Take 100% of their salaries and profits and it would make a negligible, likely unnoticeable difference in this issue.


I find that hard to believe when their margins are double what they were a decade ago.


I'm not sure if there's a more sophisticated way of doing this. But just looking at revenue vs net income for 2024 suggests McDonald's operates at about a ~33% margin.


I'm not suggesting everyone would be a millionaire with a more egalitarian distribution of wealth. But, to suggest America's skyrocketing inequality has nothing to do with the poor being unable to afford a burger is a bold claim to make.

Because if the wealthy are not extracting their fortunes from American companies, what then?


Sounds like a great start!


Amazon made $311B in 2024, they employ 1.5 million people.

That's $200k an employee, on top of what their regular salary is.

McDonalds made $15B and employ 150k people, that's $100k per employee.

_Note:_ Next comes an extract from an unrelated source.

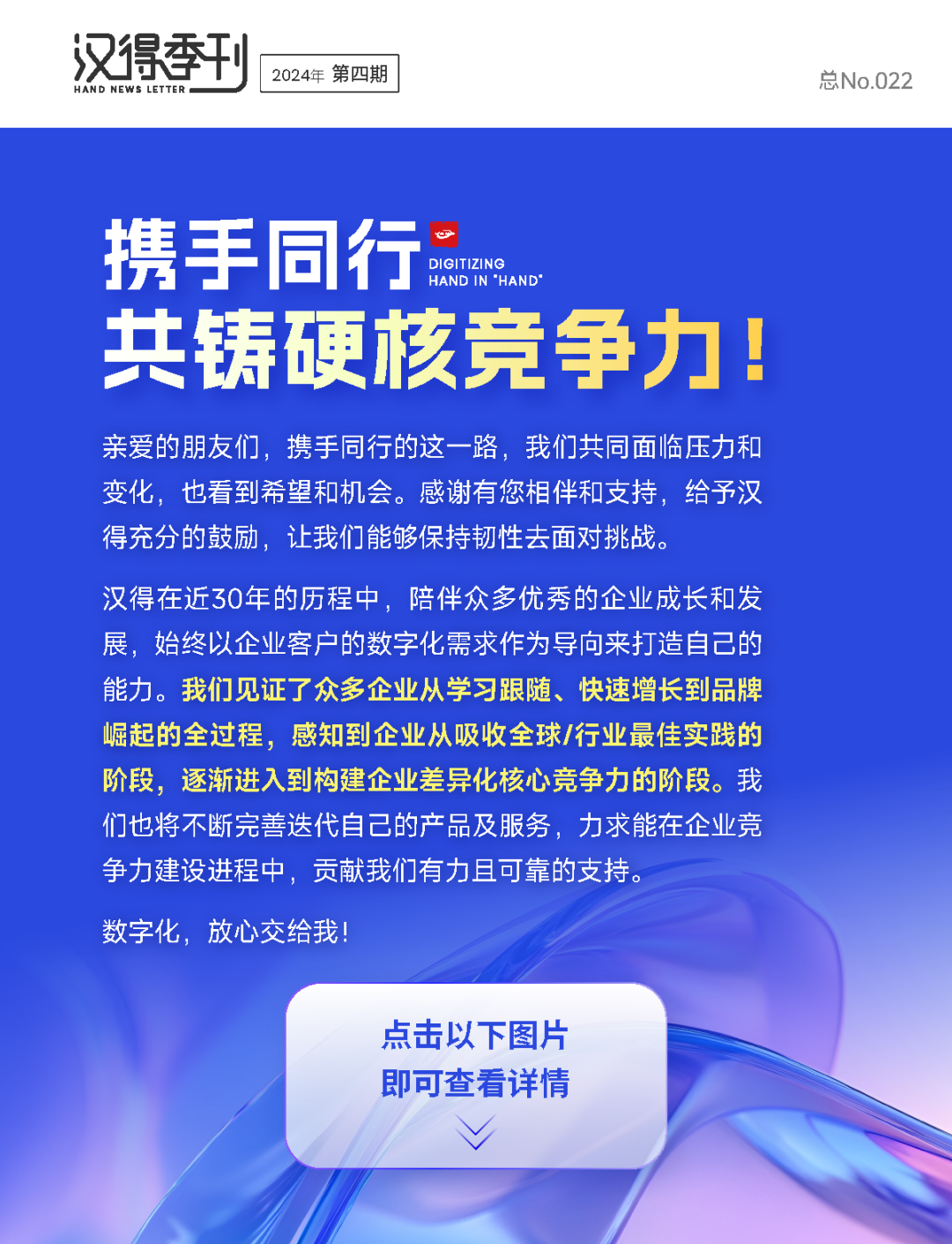 #01共筑企业技术底座汉得H-ZERO PaaS平台点击图片,查看详情咸亨国际将实现企业内部流程和系统的深度整合与优化,构建灵活高效的数字化运营体系打造高效、智能的财务中台,为银川建发的持续发展提供强有力的支持为泰格医药的FSP业务构建统一的数智化底座,实现对CRO人才专业服务全流程的精细化线上管理与重构前相比,交付周期缩短30%,实施成本降低40%,益吉的QMS产品力更是迈向了新的台阶平台高效服务于业务需求,为麦格米特“加速海外布局、扩展海外市场”战略提供强有力的保障为盛虹石化产业集团构建涵盖多个细分业务场景的综合性数字化应用体系,为企业的未来发展提供强大支撑帮助环球晶圆成功引入汉得H-ZERO iPaaS集成平台-集星獭,实现SaaS版的SAP系统与其他系统的高效整合#02B端智能化场景落地汉得融合AIGC平台点击图片,查看详情当IT人在绞尽脑汁怎么让AI为业务部门创造价值时,却忽略了在IT建设领域里,AI就有很多价值2024年有越来越多的企业选择部署H-Copilot平台,开始构建自己的智能化目前在各个业务域累计近百个智能体应用研发完成,场景化落地,持续回馈给所有AI生态的企业用户汉得受邀参加《AI Native 技术与架构白皮书》联合编写和评审,参加“创原会数据库分会”成立仪式汉得联合火山引擎共创AI智能体,共同举办“AI时代共话数字化征程”主题活动亿砹E-TMS产品AIGC应用能力再次全面升级,引入智能体架构再造智能物流应用AIGC+ERP会如何增强软件效用,如何改变人与软件的链接关系,促进怎样的企业管理变革#03数据驱动变革汉得H-ONE融合数据平台点击图片,查看详情汉得持续完善在数据领域的全域优势,为“数智共生,数驱未来”持续贡献汉得力量凭借某新能源龙头厂商的数据开发治理一体化项目,成功入选该报告的最佳实践案例增强海亮集团的战略协同力,带来显著的经济效益和管理效率的提升,更在行业内树立起数据治理标杆#04携手同行共铸企业硬核竞争力点击图片,查看详情直击中国企业碳管理痛点,与易碳数科携手为中国企业提供全面、合规、精准的碳管理数字化解决方案与开物信息共创“场景驱动+软硬一体+全链生态”新模式,探索矿山/物流产业数字化应用新领域助力奥马冰箱供应链计划体系的规划建设及APS数字化应用落地,提升奥马冰箱整体竞争力帮助潍柴动力打通供应商从注册到合格、从需求到采购、从预测到付款、从整改到索赔的全流程数字化断点帮助德赛西威进行成本核算和管控,在质量、工艺、研发、生产各个领域找到降本机会点,助力企业持续降本增效使ERP系统真正成为华工激光集团的高效运营平台,将华工激光打造成为财务业务一体化的整体企业#05破解财务数字化“疑难杂症”点击图片,查看详情实现“数智融合”“自动创单”“智能审单”等核心功能,打造粤海集团高内聚低耦合的数智化财务共享平台项目以数字技术与财务管理深度融合为抓手,显著提升公司财务效率与精细化管理水平报销系统将进一步推广应用于集团旗下数千家加盟酒店,显著提高整个门店网络的运营效率和盈利能力基于汉得自主研发的智慧财务套件HFINs,实现核算标准化、财务集中作业,同时建立电子化档案系统汉得智慧财务套件HFINs,帮助企业构建数字化时代的财务管理体系、财务组织架构和财务运营模式#06让中企出海少走弯路点击图片,查看详情全力以赴为中企的高层次出海和全球经营布局,提供全方位、综合性的整体服务方案和专业能力对内持续降本;对外拓展更广阔的市场,如出海,这是中国本土企业目前最核心的两个业务需求汉得凭借在中企出海服务领域的深厚积累和丰富经验,已成功助力多家企业跨越发展障碍通过全面推行企业贸易合规数字化产品,切实解决市场痛点,为企业保驾护航#07权威认证自主软件持续进化点击图片,查看详情在国产化自主浪潮中坚持技术突破与服务升级,帮助企业构建具备竞争力的数字化生态环境汉得已形成以供应链计划、物流、制造、质量、供应商管理为核心的覆盖全价值链的产品和服务能力汉得H-ZERO在信创国产化上已全面达到信息系统的安全和自主可控能力要求强调企业推动产业链、供应链的现代化建设,有力带动上下游协同共创,促进产业布局优化和结构调整

So no, not negligible in the slightest.


Where did you get the $311B number? Because I get a net profit of $59.25B which is only 40k per employee. This assumes that the company doesn't need to keep any profit for future usage which may or may not be case depending on how big their war chest is. Not to say that 40k couldn't be life changing for many of the Amazon employee but the 311B number seems to be pulled out of thin air.


You're correct, it's wrong. I googled it, guessing AI just hallucinated that.


Are you under the impression the only expense a company has is payroll?


Profit is after costs+investments removed, not just payroll.


According to AI, they paid 5.3 billion in dividends and a have about 2 million in employees.


That's been said forever, but only ever said.